**What this task involves**.
Using only the entries below, output the lines starting at the one containing "ミッション 排気量 |" and ending at the one containing "Monument Shelves in", exactly and inclusive of both, omitting the pictures.

=== Supplied information ===

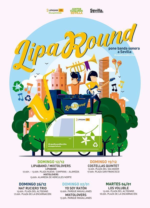 Sobre los vehículos de Lipasam, transformados en escenarios móviles, cabalgará una exquisita selección de grupos y formaciones locales para todos los públicos y gustos. Lipaband, Mixtolovers, Nat Ruciero Trío, Las Costellas Quintet, Los Voluble son algunas de las propuestas de LipaRound.
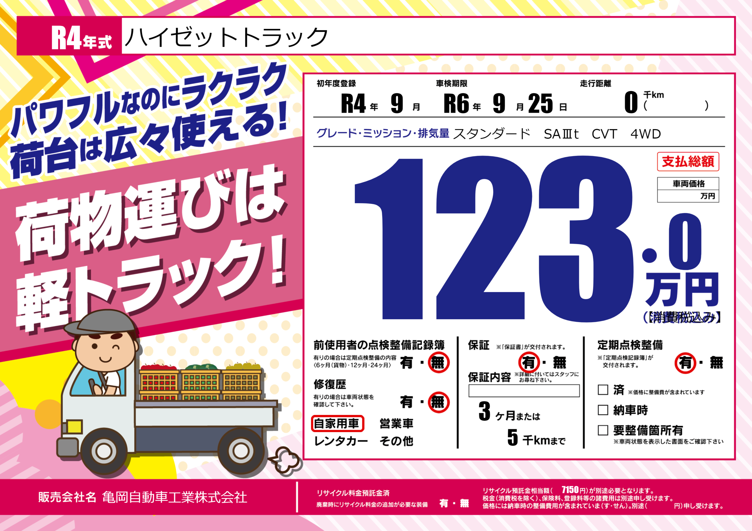 | 車名 | ハイゼットトラック | グレード ミッション 排気量 |
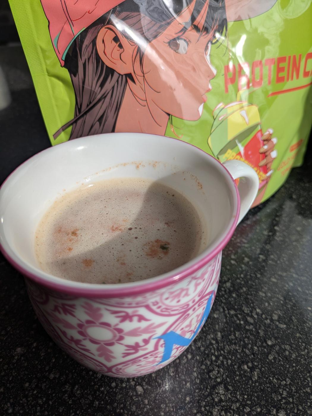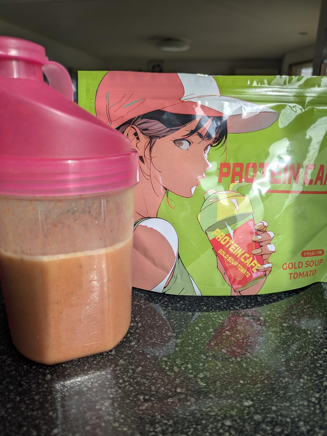 寒い中ウォーキングしてきたので、今回はシェイクしてから電子レンジで温めて飲んでみましたが、プロテイン感は感じられずまさにトマトスープ!身体も温まりました。これなら続けて飲めます。プロテイン特有の粉感も感じないし、水にもすぐ馴染む感じでシェイクもあっという間にできます。
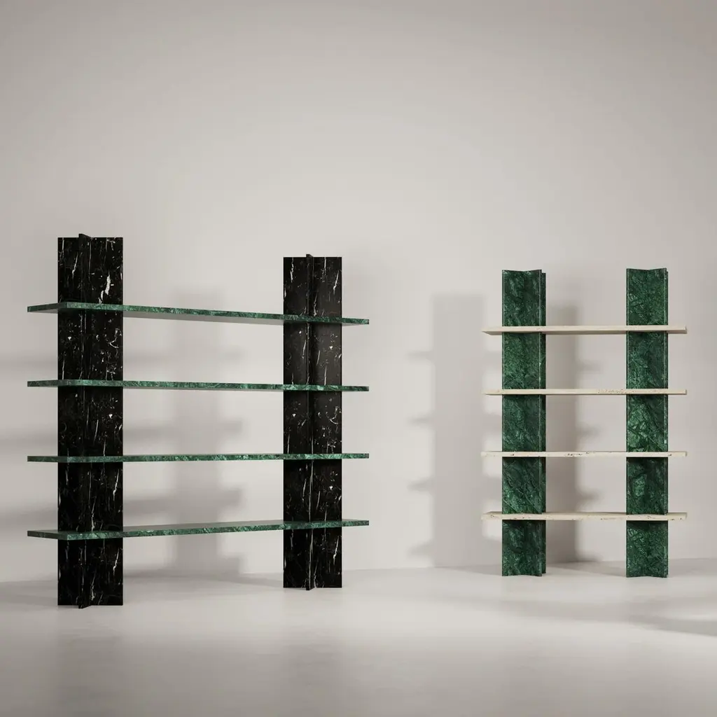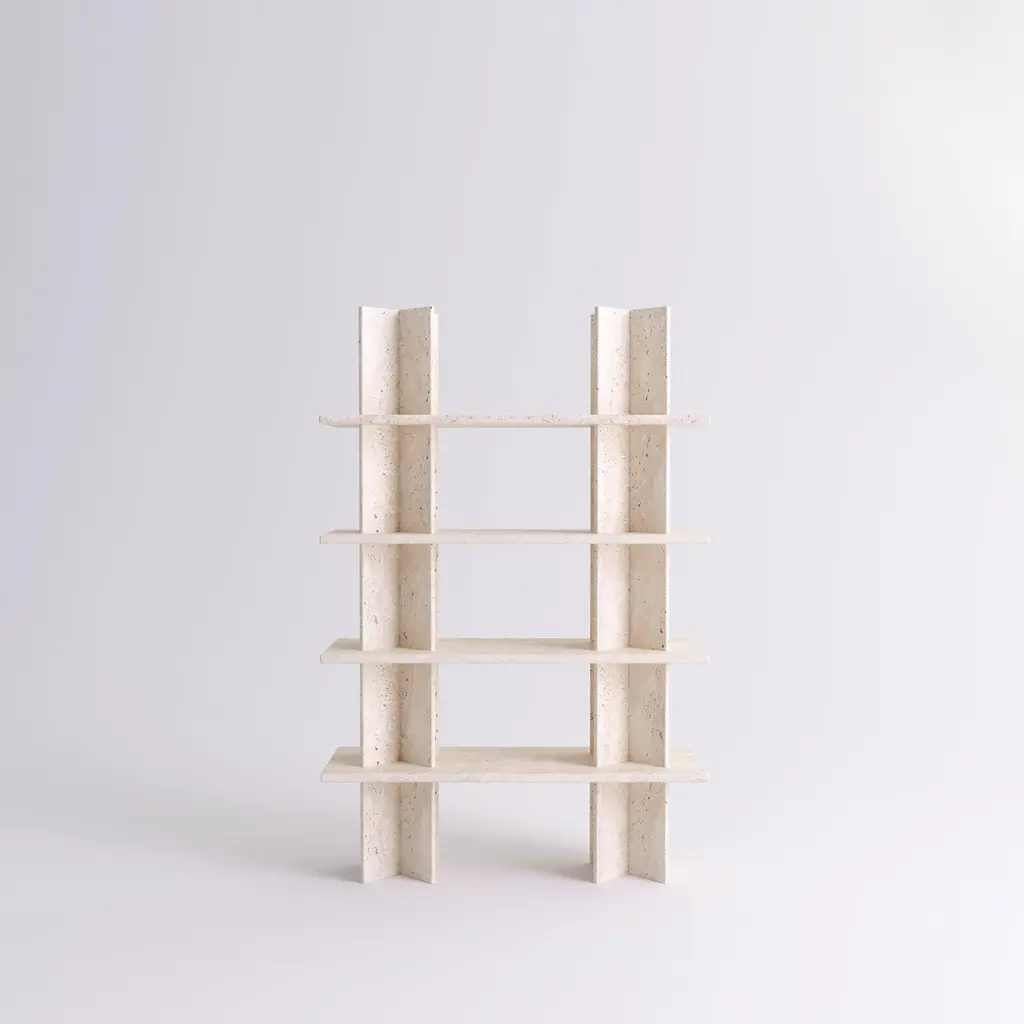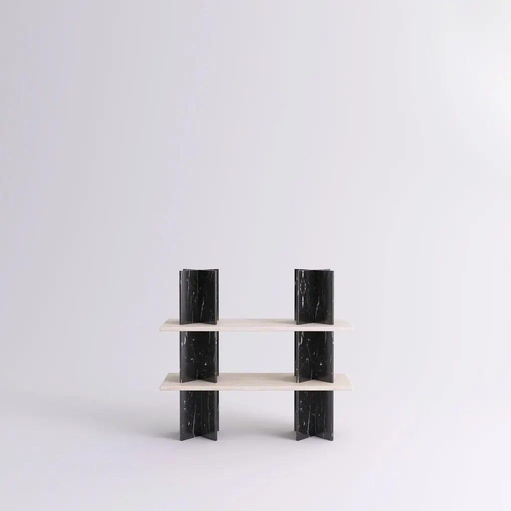 Monument Shelves in White Travertine by Mathieu Girard & Gauthier PouillartDimensions: L 130 x H 117Materials: white travertine shelves and columns Material available: Birchwood, white marble, green marble, black marble, Pele de tigre marble, Travertine marble, Dimensions available: H 197 x L 130 cm, H 117 x L 130 cm, H 197 x L130 cm, H 197 x L 195 cm Monument is a collection of shelving units that combine wood and marble. This piece was imagined by Mathieu Girard et Gauthier Pouillart of Atelier Cocorico. The visual strength and stability of Monument relies on an ingenious construction system that does not require any tool. The result is a brutalist, material centered piece with a strong sculptural presence.The two imposing “cross” columns that constitute the superstructure are the visual signature of the shelf, but also present and enhance beautiful objects or books.The monument system come in a large variety of dimensions and it is possible to make mono material shelfs or combine marble and wood. Mathieu Girard ans Gauthier Pouillart are both graduated of the Ecole Bleue in Paris in 2010 and 2011, a multidisciplinary training about the fields of design.They founded Cocorico Paris at the end of 2011. This design agency appreciates contemporary challenges, and develops unique stories for several companies in many fileds of action, like hospitality, offices, coworking, restaurant or shopping facilities.
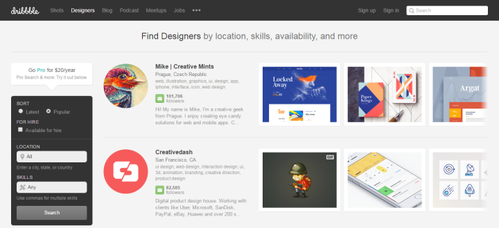 Dribbble鼓勵創作者上傳個人的作品,以及正在創作的作品。用戶可以在線查看已經完成的作品或者正在創作的作品,同時還有機會可以雇傭其中的創作者。
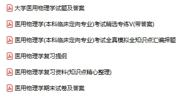 今天分享的资料是「0550-医用物理」电子版+学习笔记+知识点总结+期末考试重点+复习资料+习题集及答案+名词解释+历年真题试卷及答案+题库及答案+复习重点+思考题及参考答案+公式总结+考试重点基础题+知识总结+高清PDF可打印+免费分享!
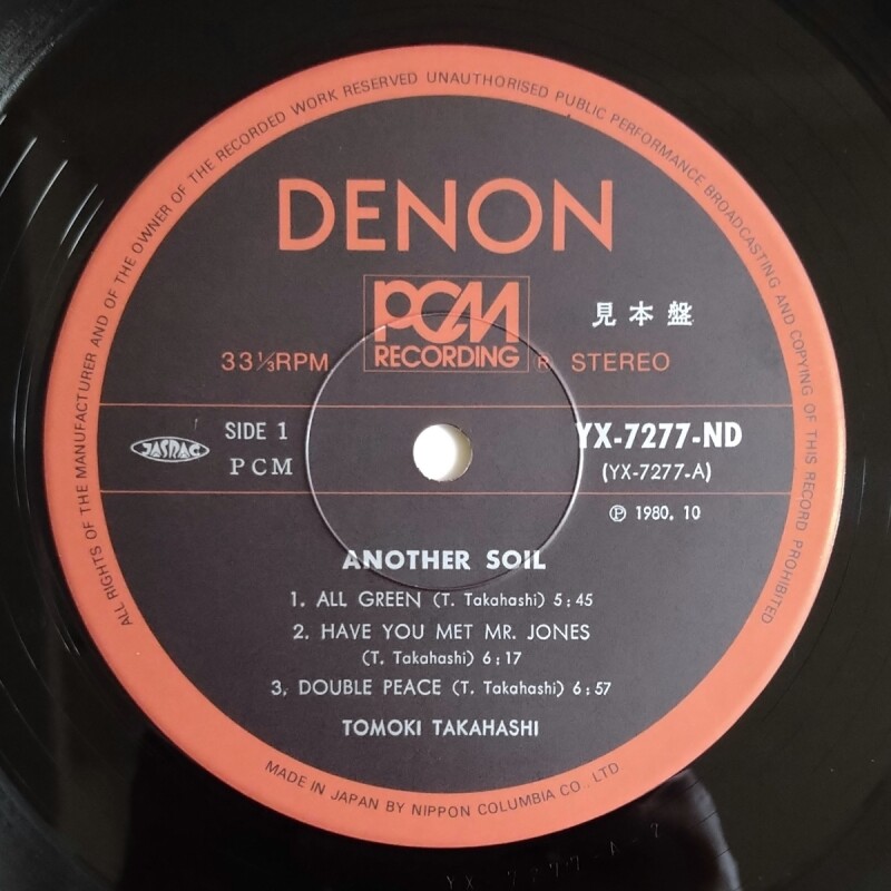 向井滋春や古沢良次郎グループへの参加などで知られるサックス奏者、高橋知己の作品。来日中だったElvin Jonesに加え、向井滋春、杉本喜代志、望月英明らが参加しています。たおやかで美しい「All Green」、躍動感とキレがあってかっこ良い「Have You Met Mr. Jones」、エモーショナルな「Double Peace」、瑞々しい「Another Soil」など、全編素晴らしいです。
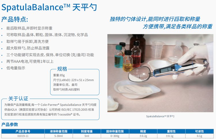 特别的勺体设计,能同时进行舀取和称量方便携带,满足各类样品的称重

===

**Reply**.
 | 車名 | ハイゼットトラック | グレード ミッション 排気量 |
 寒い中ウォーキングしてきたので、今回はシェイクしてから電子レンジで温めて飲んでみましたが、プロテイン感は感じられずまさにトマトスープ!身体も温まりました。これなら続けて飲めます。プロテイン特有の粉感も感じないし、水にもすぐ馴染む感じでシェイクもあっという間にできます。
 Monument Shelves in White Travertine by Mathieu Girard & Gauthier PouillartDimensions: L 130 x H 117Materials: white travertine shelves and columns Material available: Birchwood, white marble, green marble, black marble, Pele de tigre marble, Travertine marble, Dimensions available: H 197 x L 130 cm, H 117 x L 130 cm, H 197 x L130 cm, H 197 x L 195 cm Monument is a collection of shelving units that combine wood and marble. This piece was imagined by Mathieu Girard et Gauthier Pouillart of Atelier Cocorico. The visual strength and stability of Monument relies on an ingenious construction system that does not require any tool. The result is a brutalist, material centered piece with a strong sculptural presence.The two imposing “cross” columns that constitute the superstructure are the visual signature of the shelf, but also present and enhance beautiful objects or books.The monument system come in a large variety of dimensions and it is possible to make mono material shelfs or combine marble and wood. Mathieu Girard ans Gauthier Pouillart are both graduated of the Ecole Bleue in Paris in 2010 and 2011, a multidisciplinary training about the fields of design.They founded Cocorico Paris at the end of 2011. This design agency appreciates contemporary challenges, and develops unique stories for several companies in many fileds of action, like hospitality, offices, coworking, restaurant or shopping facilities.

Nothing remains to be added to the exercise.